* _WHAT YOU SHOULD DO_
Among the lines of the listing below, retype exactly those from the one containing "Retro 60s Mod" through the one containing "Возьму на себя", both included. Do not include pictures.

* _SUPPLIED MATERIAL_
○ ○ ○ ○ ○
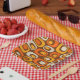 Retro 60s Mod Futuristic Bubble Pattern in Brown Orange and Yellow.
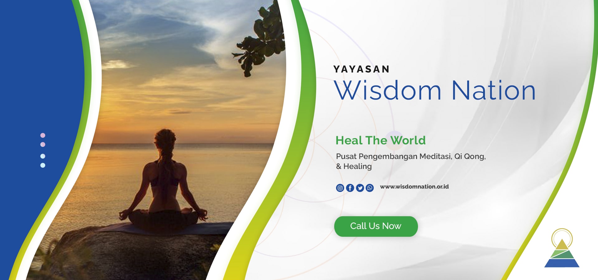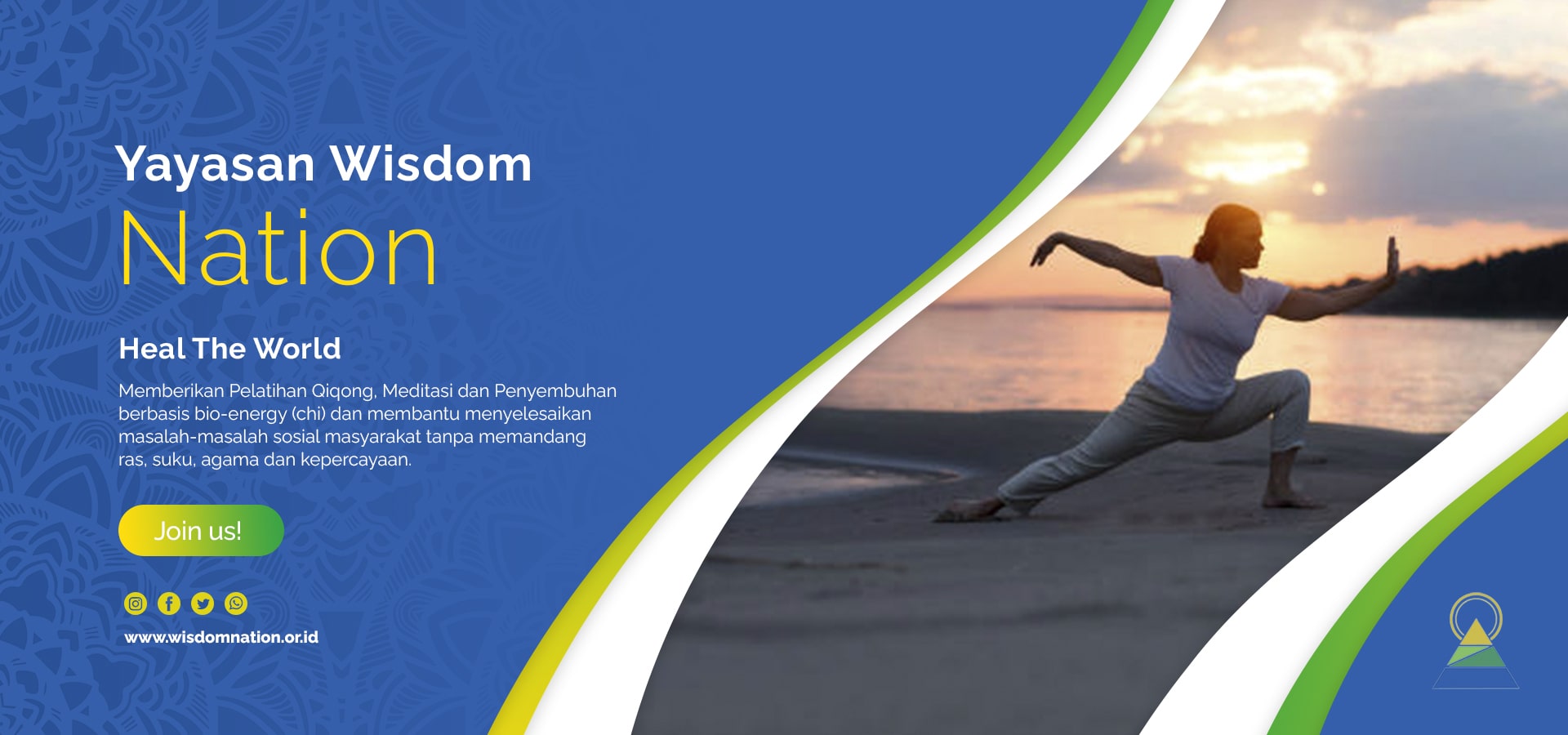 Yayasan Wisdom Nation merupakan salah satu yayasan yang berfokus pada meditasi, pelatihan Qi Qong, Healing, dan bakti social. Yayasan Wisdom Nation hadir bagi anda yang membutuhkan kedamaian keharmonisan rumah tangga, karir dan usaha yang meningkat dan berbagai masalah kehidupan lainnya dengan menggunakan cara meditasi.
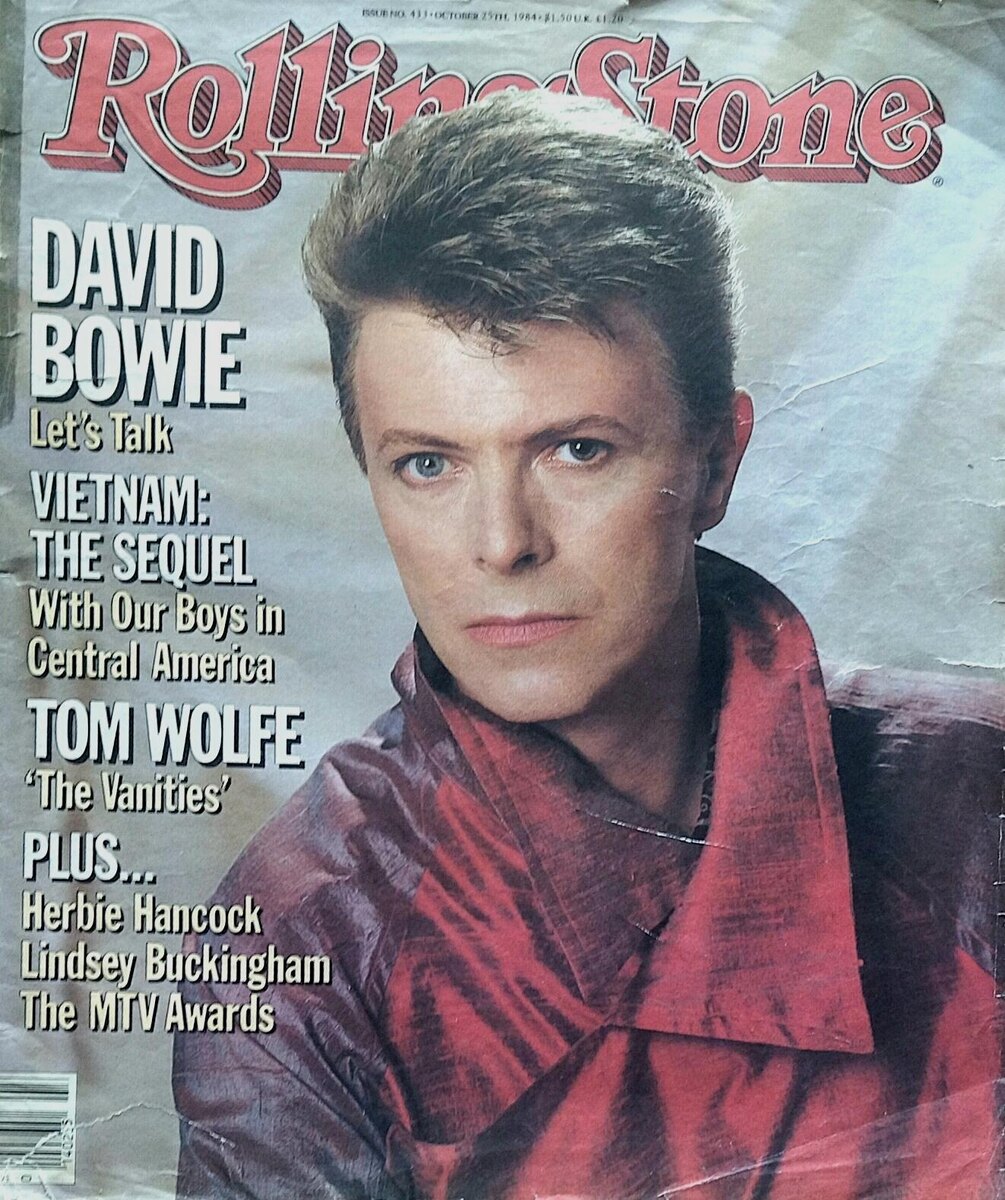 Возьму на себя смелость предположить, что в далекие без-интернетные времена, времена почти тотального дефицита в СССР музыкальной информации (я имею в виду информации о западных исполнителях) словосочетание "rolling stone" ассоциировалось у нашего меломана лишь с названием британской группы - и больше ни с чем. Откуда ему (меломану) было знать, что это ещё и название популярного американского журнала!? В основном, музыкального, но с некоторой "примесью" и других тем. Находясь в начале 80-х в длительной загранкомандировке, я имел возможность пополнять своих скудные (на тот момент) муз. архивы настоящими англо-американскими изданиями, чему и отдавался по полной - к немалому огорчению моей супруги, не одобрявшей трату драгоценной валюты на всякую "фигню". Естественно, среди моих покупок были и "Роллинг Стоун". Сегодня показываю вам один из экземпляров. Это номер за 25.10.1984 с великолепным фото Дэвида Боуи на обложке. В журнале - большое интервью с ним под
○ ○ ○ ○ ○
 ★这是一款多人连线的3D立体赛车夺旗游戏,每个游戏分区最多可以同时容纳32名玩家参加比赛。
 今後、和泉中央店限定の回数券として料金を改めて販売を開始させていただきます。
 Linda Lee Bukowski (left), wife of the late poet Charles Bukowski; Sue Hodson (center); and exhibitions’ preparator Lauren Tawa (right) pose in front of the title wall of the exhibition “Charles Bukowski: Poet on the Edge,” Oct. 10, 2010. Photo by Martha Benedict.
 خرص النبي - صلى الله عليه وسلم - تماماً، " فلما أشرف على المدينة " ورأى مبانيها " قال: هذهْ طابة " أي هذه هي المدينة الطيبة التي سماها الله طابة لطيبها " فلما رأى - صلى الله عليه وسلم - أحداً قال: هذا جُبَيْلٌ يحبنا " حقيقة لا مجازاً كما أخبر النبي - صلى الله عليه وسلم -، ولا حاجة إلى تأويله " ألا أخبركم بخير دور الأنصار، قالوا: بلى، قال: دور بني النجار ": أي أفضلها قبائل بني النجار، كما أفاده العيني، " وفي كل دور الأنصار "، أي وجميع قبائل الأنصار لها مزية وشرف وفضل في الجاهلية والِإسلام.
○ ○ ○ ○ ○
* _TASK ANSWER_
 Retro 60s Mod Futuristic Bubble Pattern in Brown Orange and Yellow.
 Yayasan Wisdom Nation merupakan salah satu yayasan yang berfokus pada meditasi, pelatihan Qi Qong, Healing, dan bakti social. Yayasan Wisdom Nation hadir bagi anda yang membutuhkan kedamaian keharmonisan rumah tangga, karir dan usaha yang meningkat dan berbagai masalah kehidupan lainnya dengan menggunakan cara meditasi.
 Возьму на себя смелость предположить, что в далекие без-интернетные времена, времена почти тотального дефицита в СССР музыкальной информации (я имею в виду информации о западных исполнителях) словосочетание "rolling stone" ассоциировалось у нашего меломана лишь с названием британской группы - и больше ни с чем. Откуда ему (меломану) было знать, что это ещё и название популярного американского журнала!? В основном, музыкального, но с некоторой "примесью" и других тем. Находясь в начале 80-х в длительной загранкомандировке, я имел возможность пополнять своих скудные (на тот момент) муз. архивы настоящими англо-американскими изданиями, чему и отдавался по полной - к немалому огорчению моей супруги, не одобрявшей трату драгоценной валюты на всякую "фигню". Естественно, среди моих покупок были и "Роллинг Стоун". Сегодня показываю вам один из экземпляров. Это номер за 25.10.1984 с великолепным фото Дэвида Боуи на обложке. В журнале - большое интервью с ним под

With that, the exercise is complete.